Как-то ночью, когда я сидел на диване в обнимку с обнаруженной на кухне бутылкой «Метаксы», меня охватил жесточайший циничный ревизионизм. Меня подтолкнул к этому образ самой Шарлен — не с воображаемого целлулоида, а из настоящего, паскудного фильма двадцатилетней давности, снятого на шестнадцатимиллиметровой пленке.
По MTV пустили «Кладовую классики»,[455] рекламный клип «Stingrays» шестьдесят пятого года — «Милый, когда мы в ссоре»; я знал, что он существует, но никогда его не видел. По нынешним стандартам он был топорный: цвета смазаны, режиссура невнятная, техническая сторона — никакая, сюжет — не лучше.
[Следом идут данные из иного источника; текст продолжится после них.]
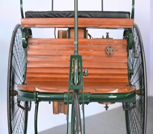 Benz Patent,1886。1886年,卡爾·本茨試制了一臺單缸四沖程汽油機(jī),并安裝在由鋼管和木板構(gòu)成的三輪車架上。該車采用了鋼條幅輪圈和實(shí)心橡膠輪胎,通過轉(zhuǎn)動(dòng)手柄帶動(dòng)齒輪來完成轉(zhuǎn)向,發(fā)動(dòng)機(jī)經(jīng)過傳動(dòng)帶機(jī)構(gòu)和鏈條驅(qū)動(dòng)后輪,速度可達(dá)到15公里/小時(shí)。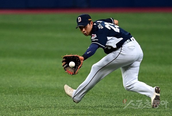 16일 서울 고척스카이돔에서 ‘2022 신한은행 SOL KBO리그’ 키움 히어로즈와 두산 베어스의 경기가 열렸다. 1회말 무사에서 두산 강승호가 내야땅볼 타구를 수비하고 있다.

Начало было таким: Шарлен свернулась калачиком рядом с мягкими игрушками в простенькой спальне, какие бывают в пригородах; выглядела она раздраженной, а губы ее двигались, воспроизводя слова песни, которую многие считали самой слабой из всего репертуара «Stingrays». И хотя предполагалось, что все это должно было вызывать отвращение к жестокости в любви, на самом деле все было пропитано этой жестокостью, как грязью, а Шарлен изображала сладострастную волну боли в пастельных тонах. «Милый, когда мы в ссоре, — пела она, — меня словно жжет изнутри. Я плачу всю ночь от горя и хочу убежать и скрыться вдали».
Фильм переключается на ссору Шарлен с ударником Фрэнком, который играет ее парня — на пригорородной дороге, на заднем фоне — его хромированный «харлей-дэвидсон» сверкает в грязно-желтых солнечных лучах. Они осыпают друг друга насмешками, как в том вырезанном из «Восхода Скорпиона»[456] эпизоде; воск для мужских причесок, расплавившись, тонкими струйками течет по гнусной красной физиономии Фрэнка. Поначалу это лишь слова, но вот — ХЛЕСЬ! — его рука пролетает по ее лицу. Тут же — Р-РАЗ! — ее ногти полосуют его покрытую оспинами щеку. Она убегает, а он, изумленный, смотрит на кровь на кончиках пальцев.
«Милый, когда мы в ссоре, я поступаю плохо, я знаю». С отчаянным жадным взглядом она подходит к убогому пляжному павильону для танцев (реальное местечко в Оранжевом округе, только оно давно уже развалилось). Присматривается к Бобби, здесь он представляет собой воплощение невинности — голубая серферская рубашка «пендлтон», пушистые (а не сальные) светлые волосы, словом, полная противоположность мачо-байкеровской аморальности Фрэнка. Она протирается мимо Бобби, явно провоцируя его: зажав кончик языка между зубами и строя глазки. Обеспокоенный, он все же ведется и застенчиво приглашает ее потанцевать. «Я просто с ума схожу, милый, когда мы в ссоре с тобой». Они с Бобби покачиваются в медленном танце. Его восторженный взгляд слишком искренен, чтобы быть наигранным. А в ее взгляде — расчетливость, и она поглядывает на дверь. И Фрэнк не разочаровывает ее — он неожиданно врывается в павильон. И как только она видит его, убедившись, что он тоже ее заметил, она соблазняюще смотрит на Бобби и будто бы выдыхает: «Поцелуй меня». И он целует.